Alex Lopez and his brother, Isaiah, grew up at Oakland Lake Park, going there with family before they could walk.
“They played there almost daily,” said Angela Jenkins, their former stepmother.
That’s what they were doing Wednesday, exploring a wooded area with neighborhood friends when Alex, 12, stepped into a puddle near downed power lines. The shock electrocuted him.
Trying to save Alex, Isaiah, 11, grabbed him and was electrocuted too.
“Alex was usually the protector,” said Jenkins, who was speaking for the family Thursday. “And this time it was Isaiah.”
The accident remained under investigation Thursday.
Richard Zavala, Fort Worth’s parks and recreation director, said the park near Oakland Boulevard and Interstate 30 was a “high-priority” area for checking for downed power lines after severe storms early Wednesday.
But city workers didn’t come across the power lines that killed the Lopez brothers because they were in a “very remote,” low-traffic area, Zavala said.

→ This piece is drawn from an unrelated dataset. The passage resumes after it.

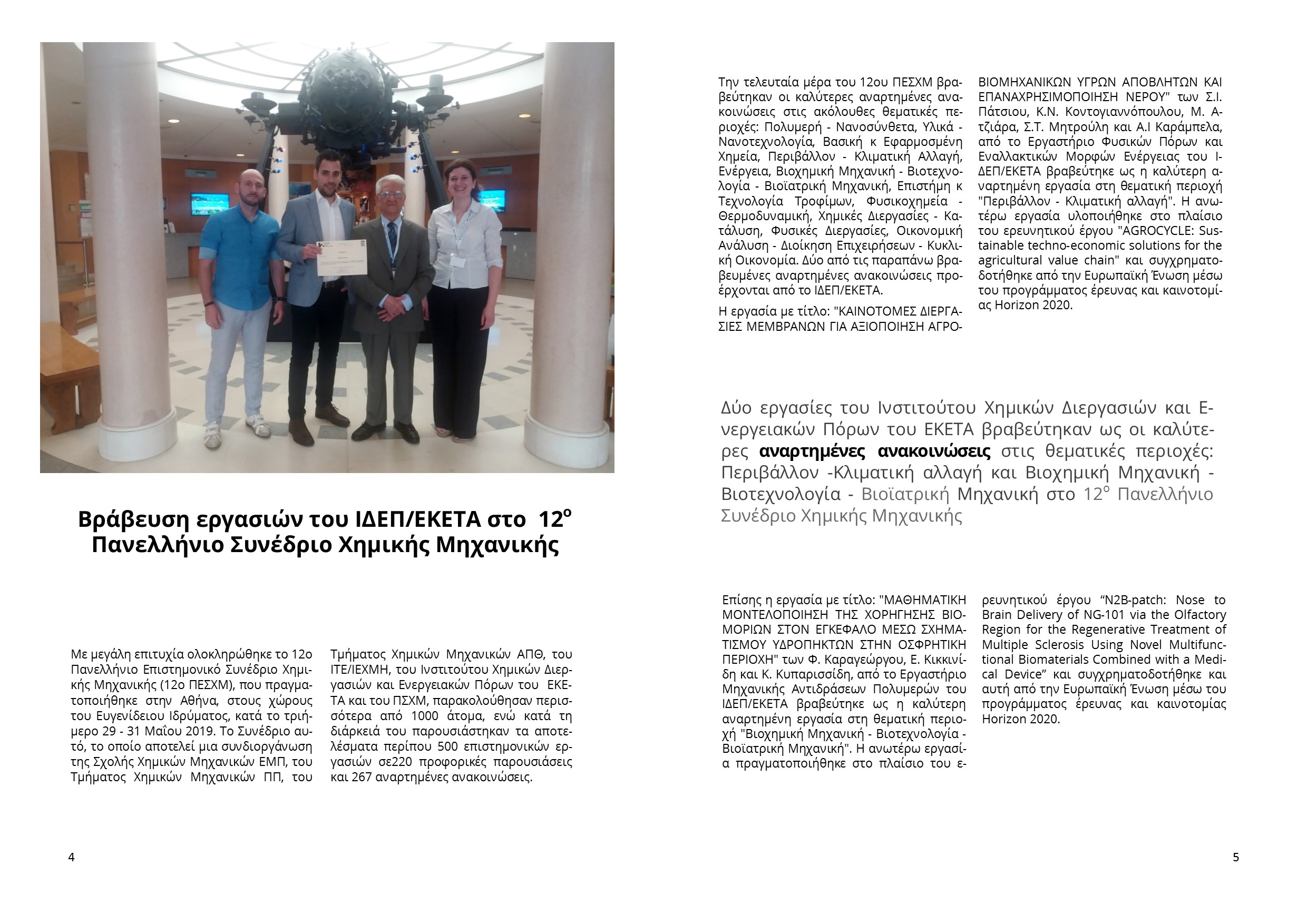 Δύο εργασίες του Ινστιτούτου Χημικών Διεργασιών και Ενεργειακών Πόρων του ΕΚΕΤΑ βραβεύτηκαν στις θεματικές περιοχές «Περιβάλλον-Κλιματική αλλαγή» και «Βιοχημική Μηχανική - Βιοτεχνολογία - Βιοϊατρική Μηχανική» στο 12ο Πανελλήνιο Συνέδριο Χημικής Μηχανικής

“It was in the utility easement beyond the parkland and beyond the developed area of the parkland,” Zavala said.
Firefighters were called about 6:15 p.m. Wednesday to the park, where a witness had reported that two children had been electrocuted.
When MedStar and Fire Department personnel arrived, the power lines were still energized and arcing. A grass fire had also been ignited by the lines.
Firefighters could see the two boys, said Lt. Kyle Falkner, Fire Department spokesman. But the danger of the lines limited their access for about an hour until Oncor arrived and cut power.
“Given the nature of the injuries received and the hazard still at the scene,” Falkner said, “the crews had to make the difficult decision at that point that they had to prevent any further injury and not allow anyone into the area until those lines could be de-energized.”
The boys were pronounced dead at 8:13 p.m., according to the Tarrant County medical examiner’s office.
“We can’t say it enough: People have to be aware of their surroundings and know that when we have high winds and storms, power lines down are danger,” Falkner said.
In a statement, Oncor said: “Our thoughts and heartfelt prayers go out to the family. We urge all our customers to treat every power line as if it’s energized.”
The Lopez brothers lived with their grandmother near the park, Jenkins said, and attended the International Leadership of Texas charter school in North Richland Hills.
Guidance counselors were being made available to students and staff, a statement from the school said. Parents set up a GoFundMe page for the boys’ funeral expenses Friday.
The boys were a grade apart — Alex in fifth and Isaiah in fourth — but inseparable outside school, full of energy and sometimes mischievous, Jenkins said.
“They were your stereotypical boys,” she said. “They caused problems sometimes, but they had really good hearts.”
Jenkins said other children who were with the boys recounted to the family what happened Wednesday night.
When his brother was electrocuted, Isaiah turned to the others.
“Go get help,” he urged. “I’m going to save Alex.”